Purpose Of The Study:
This study aimed to determine when zeolite polymorphs are selected during hydrothermal synthesis. The specific problem addressed is the ambiguity of whether polymorph selection occurs before or after nucleation. The motivation stems from the need to clarify the role of nucleation barriers and critical nucleus sizes in zeolite formation. The authors propose to use nucleation theory and experimental data to resolve these uncertainties. The study focuses on the transition from amorphous precursors to crystalline structures. It seeks to explain why first-order transitions appear continuous in zeolite synthesis. The goal is to identify the stage at which polymorph selection occurs. This approach allows for a deeper understanding of zeolite crystallization mechanisms.
Main Methods:
The researchers applied nucleation theory alongside experimental data to analyze zeolite synthesis. They measured nucleation barriers and critical nucleus sizes at hydrothermal temperatures. The approach involved modeling spinodal-like crystallization processes. The study tracked the evolution of amorphous precursors into crystalline structures. Experimental data provided insights into the solubility and order of precursors. The method included observing the competition between crystallites during growth. Researchers examined the role of structure-directing agents in crystal coarsening. The analysis focused on the subnanometer scale of critical nuclei to determine polymorph selection timing.
Main Results:
The study found that nucleation barriers and critical nuclei are extremely small in hydrothermal zeolite synthesis. This leads to spinodal-like crystallization with a mosaic of tiny crystallites. The results suggest that polymorph selection occurs after nucleation during crystal growth. The subnanometer size of critical nuclei was confirmed through experimental data. The growth and coarsening of crystallites around structure-directing agents determine polymorph selection. The findings indicate that first-order transitions appear continuous due to rapid nucleation. The competition between crystallites inside precursor nanoparticles was observed. The results align with the hypothesis that polymorph diversity is shaped during growth, not nucleation.
Conclusions:
The authors conclude that polymorph selection in zeolite synthesis occurs after nucleation. Their findings support the idea that crystal growth and coarsening determine polymorph diversity. The study shows that nucleation barriers are minimal at hydrothermal temperatures. This allows for spinodal-like crystallization with competing crystallites. The role of structure-directing agents in shaping polymorphs is emphasized. The subnanometer scale of critical nuclei was a key discovery. The results clarify why first-order transitions appear continuous in zeolite synthesis. The conclusions align with the observed behavior of amorphous precursors evolving into crystals.

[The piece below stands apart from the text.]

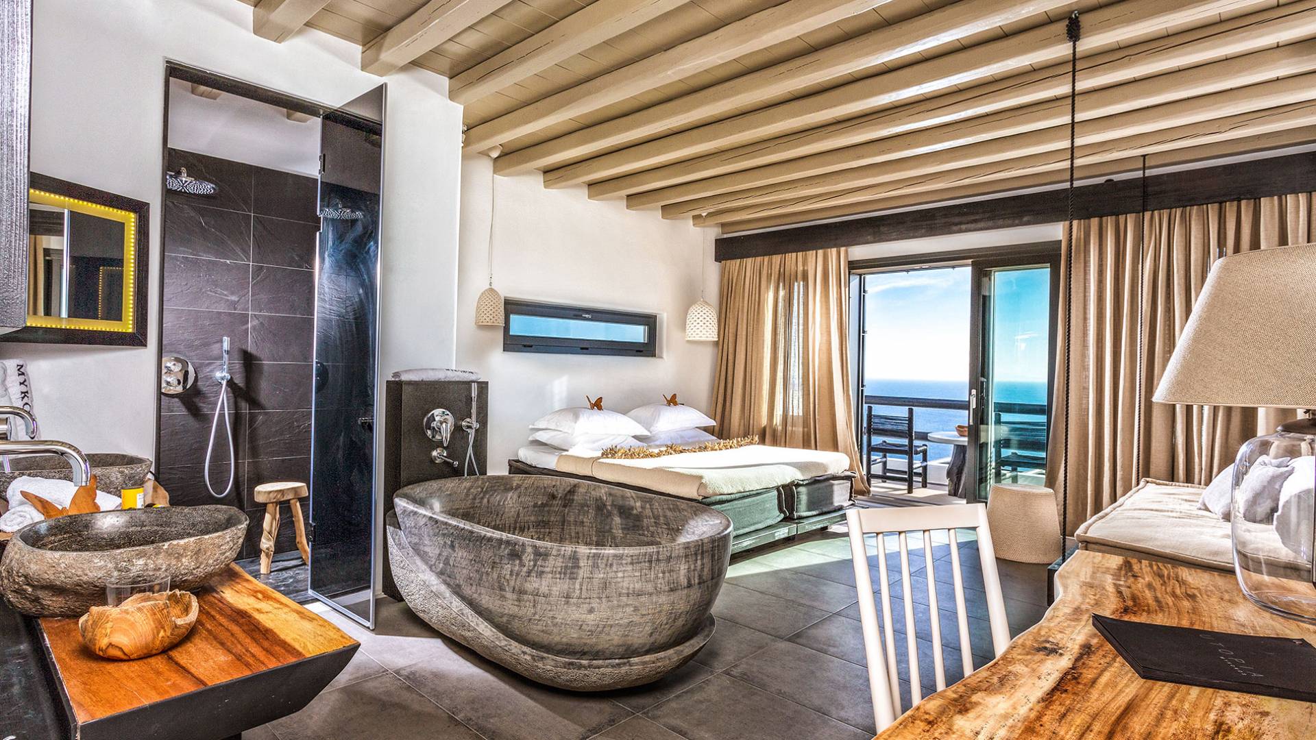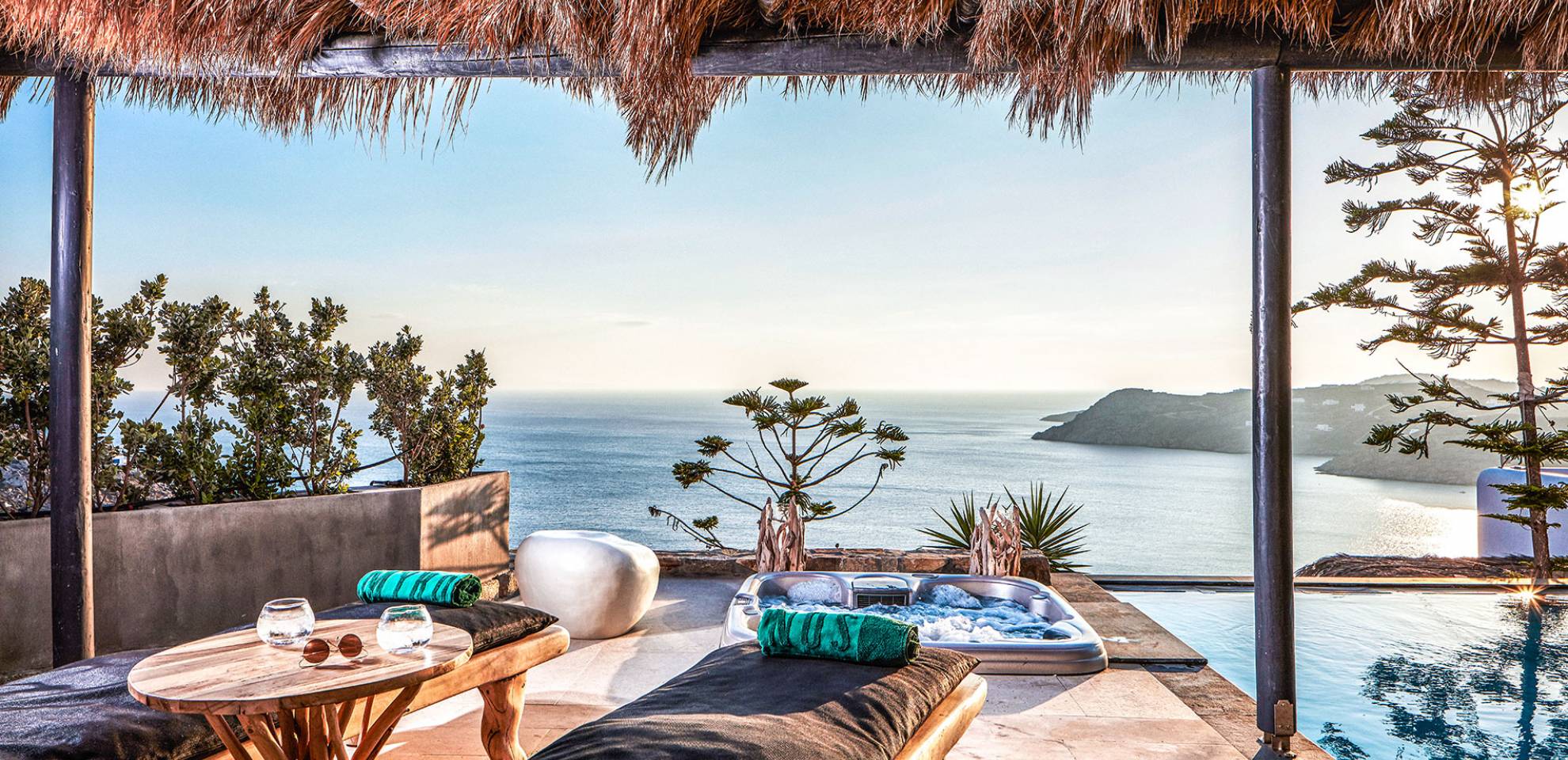 Con vistas a las profundas aguas azules del mar Egeo desde su posición dominante a 100 metros (300 pies) sobre la famosa Elia Beach en Mykonos, el Myconian Utopia Resort es una de las nuevas joyas de la corona de la Colección Myconian de hoteles, complejos turísticos, villas y miembro orgulloso de Relais & Chateaux.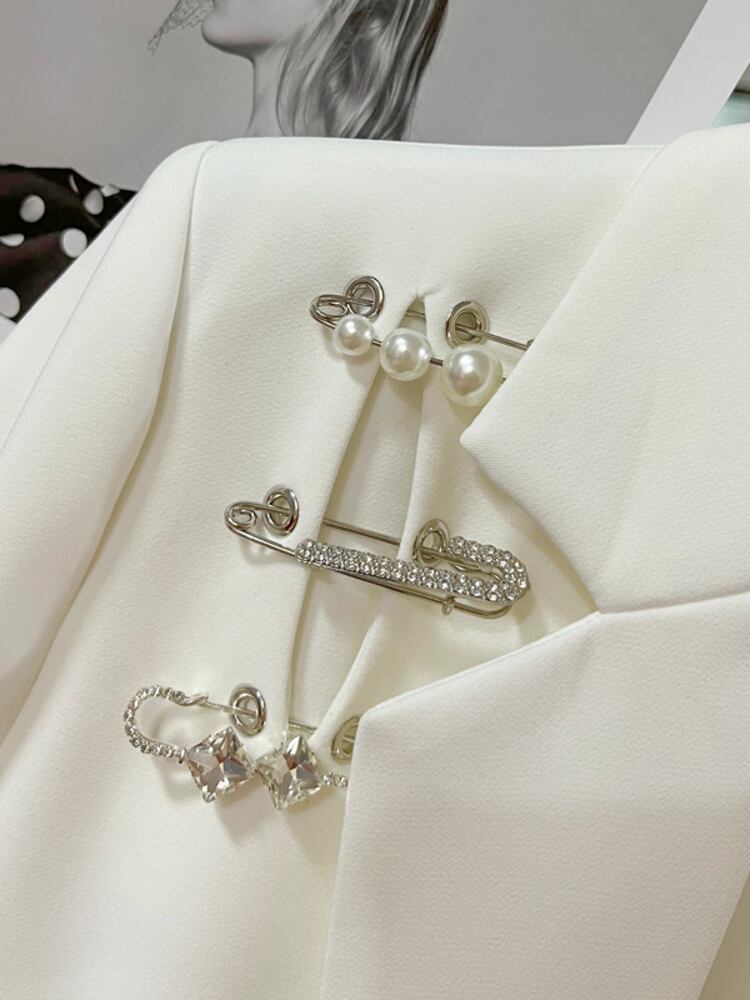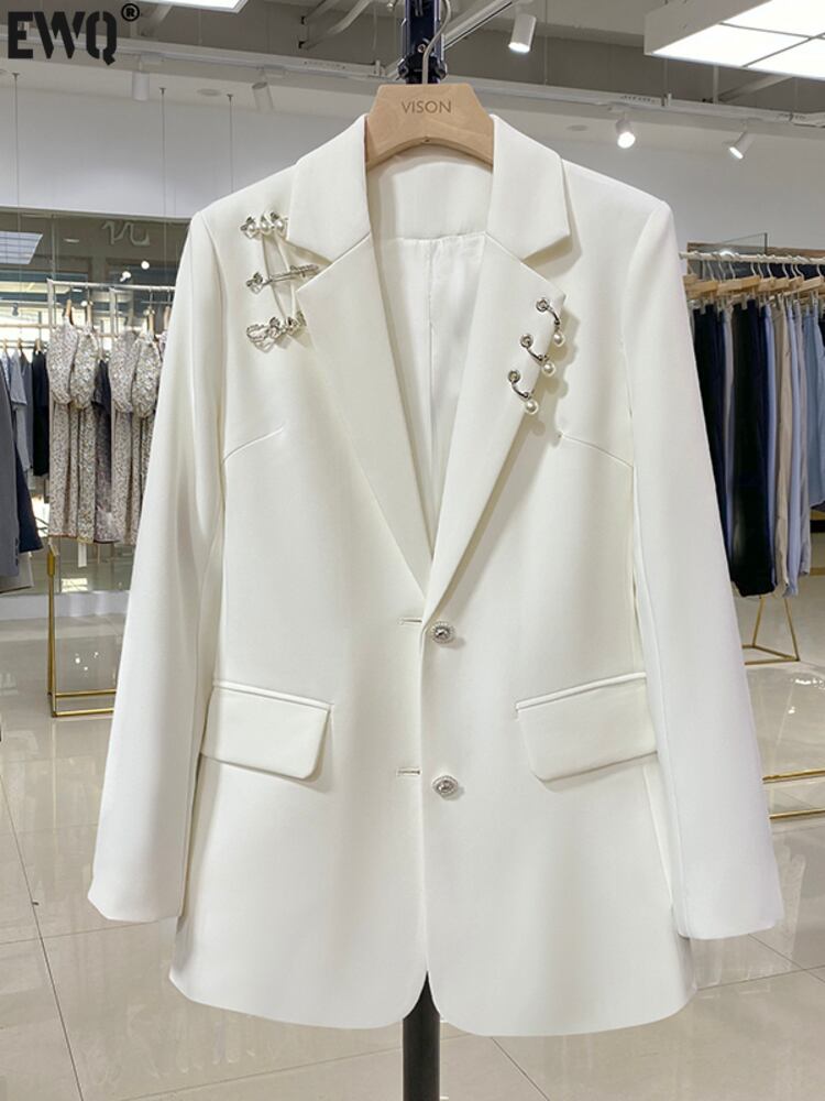 【EWQ】 レディース 長袖 ブローチつぎ ブレザー コート 春 秋 シック パール スーツ コート キレイめ トップス 16Y5 ロング スプリング 春物 オータム 秋物 真珠

According to the authors, polymorph selection occurs after nucleation, during the growth and coarsening of crystals.
Structure-directing agents influence polymorph selection by shaping the excluded volume during crystal growth.
The researchers propose that this is due to spinodal-like crystallization with rapidly forming and competing crystallites.
The subnanometer size of critical nuclei indicates that polymorph selection happens during crystal growth, not nucleation.
Amorphous precursors continuously change in solubility and local order until reaching crystalline states.
The authors suggest that nucleation barriers are extremely small, enabling rapid crystallization processes.